# SmbFS not in kernel!?

## tba

i emerged samba.  then i went out and got a nice GUI for it called linneighborhood, because im 9%& shell illiterate and i hate learning new commands that require a bunch of switches.  

I can see me brothers windows computer, but linNeighborhood tells me "SmbFS not built into kernel"  when i try to mount it.  so i did a make menuconfig in /usr/src/linux and went down to "FileSystems" and smbfs was indeed not built into the kernel...

so i enable it, make && deps straight from gentoo docs, reboot and still same error message.

anyone have an idea?

----------

## MarkP

You say that you did a make deps...  did you do a make bzImage make modules make modules install....

Copy your new kenel to the right place /boot.

and update your menu.lst for grub?

Mark

----------

## tba

i followed the kernel compiling instruction on gentoo.org's installation instructions...  this time i loaded it as a module istead of built into the kernel and it worked!!

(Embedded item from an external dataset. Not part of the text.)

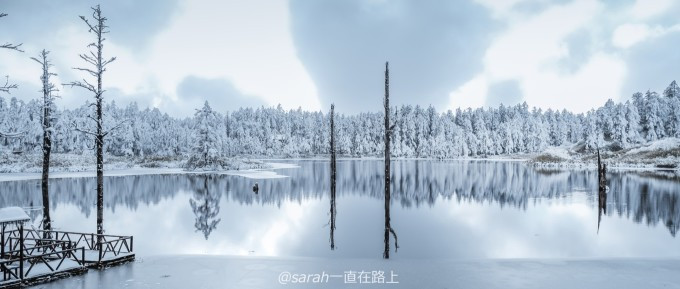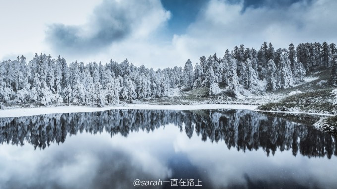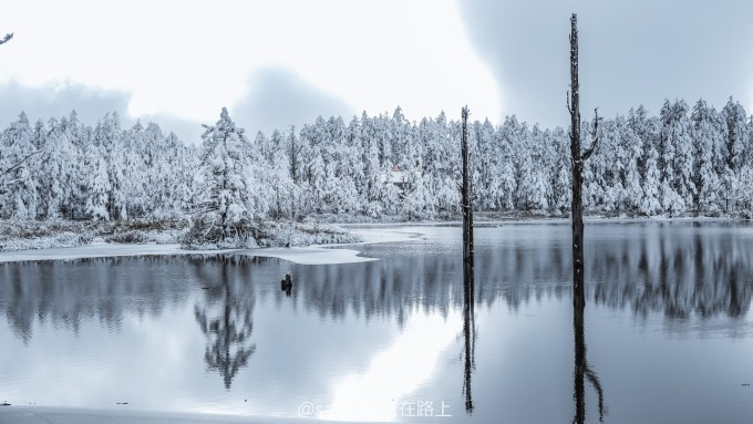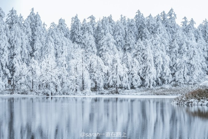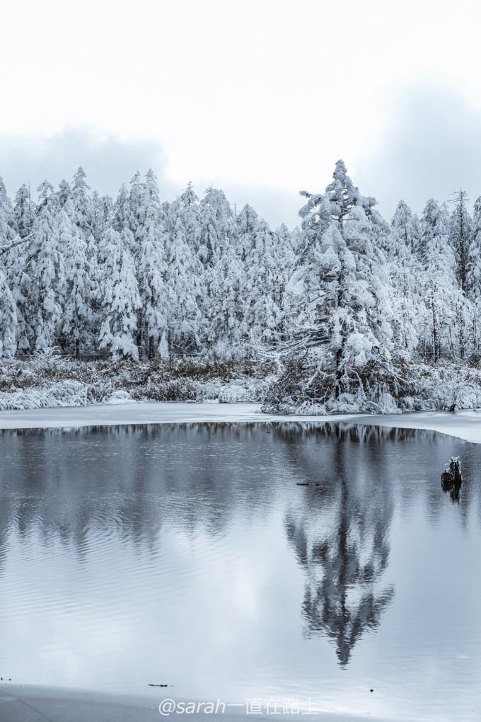 瓦屋山除了雪松云海,让我印象最深的就是鸳鸯池,冬天的鸳鸯池冰雪覆盖,12月初池水还未完全结冰,一半冰面一半倒影,这景让我想起之前在 喀纳斯 拍的风景。

while i have your attention how can i set it to mount my samba partition on boot, and give a user read and write permission>

----------

## MarkP

Not sure on this one...

Best bet would be to put it in your /etc/fstab file...

Glad to here you got it working.

Mark

----------

## tba

the commands i used to recompile my kernel can be found on this site at "step 14"

http://www.gentoo.org/doc/build.html

i think it covers everything you asked...

what do i put in fstab...  what exactly is it...  i know i contains my partition tables, but do i just put the command "mount -t smbfs -o" etc. right in there?

where the heck can i find grub's menu.lst file?  i screwed up writing that and it adds a few steps to my boot-up but i cant find it anywhere now...

im new to this whole linux thing...

----------

## klieber

 *tba wrote:*   

> what do i put in fstab...  what exactly is it...  i know i contains my partition tables, but do i just put the command "mount -t smbfs -o" etc. right in there?

 

man fstab or search google.  There are plenty of good resources out there to learn about fstab.

 *tba wrote:*   

> where the heck can i find grub's menu.lst file?

 

mount your boot partition (mount /boot) and it should be in /boot/grub/menu.lst

--kurt

----------